Poi Miss Parker prese in mano il biglietto bianco, un cartoncino ruvido al tatto con una scritta nera fatta in fretta, su cui era annotato il numero di cellulare di Faith. Lo osservò un attimo, rigirandolo pensierosa tra le dita, poi compose il numero.
Cornovaglia. Inghilterra.
La biblioteca del Concilio degli Osservatori poteva a ben diritto essere definita immensa. Conteneva migliaia di volumi su magia, mitologia, scienza ed arte occulta. Libri che erano stati raccolti in secoli, a costo di enormi sforzi, non solo di natura economica. Tra quegli scaffali ne si potevano trovare alcuni unici, dati per scomparsi o distrutti dal resto del mondo e conservati segretamente lì. Era la biblioteca più vasta sulla materia.

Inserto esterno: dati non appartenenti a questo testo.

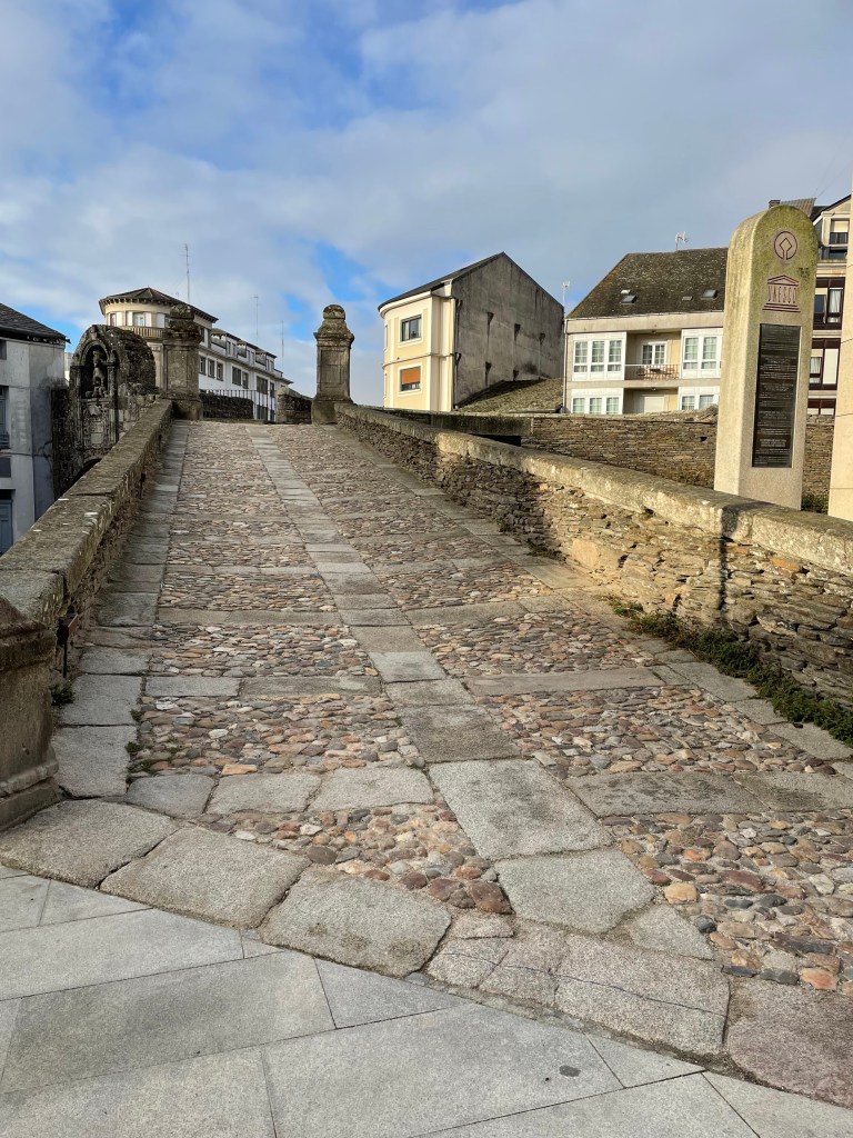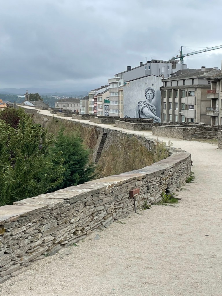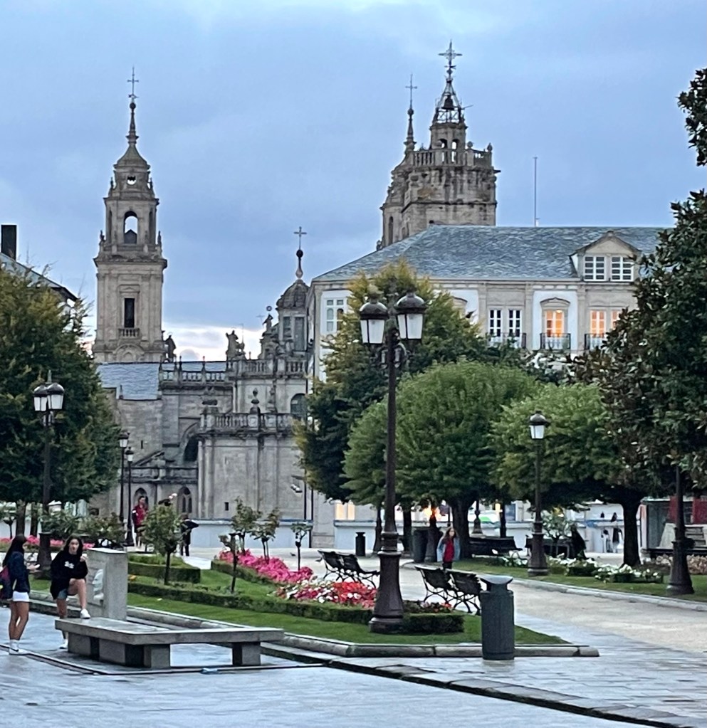 I walked down to where the Camino left town – the walled city really is at the top of a hill. As soon as you walk outside the wall, in any direction, it’s headed downhill and towards 1 of 3 rivers depending on your direction. As I was walking back up the hill, I ran into 1 of 2 fellow Americans who’ve been on the trail these past days. John was hoping to connect with someone who might have found his glasses, but said they weren’t that needed and he’d rather join me going to the service.

Od almeno, la più vasta raccolta di informazioni conosciuta su quel mondo che non esisteva.
Molti studiosi la ritenevano un vero e proprio santuario, quasi un luogo di culto, e gli immensi saloni, alternativamente illuminati od immersi nella penombra, gli altissimi soffitti, affrescati o dagli splendidi stucchi, assieme ai pavimenti di lucido marmo grigio, non potevano che dare ragione a questa impressione.
E, come in tutte le biblioteche del mondo, vi regnava il silenzio.
Grande ed importante come era, non risultava mai deserta, ci sarebbe sempre stato qualche ricercatore al suo interno, sepolto in mezzo ai libri o nascosto in una sala di lettura appartata, che approfondiva questo fatto o quella magia. Era comunque difficile incontrare dei lettori dopo le cinque, orario in cui i più andavano a casa, ed i saloni erano così vasti da apparire spesso abbandonati.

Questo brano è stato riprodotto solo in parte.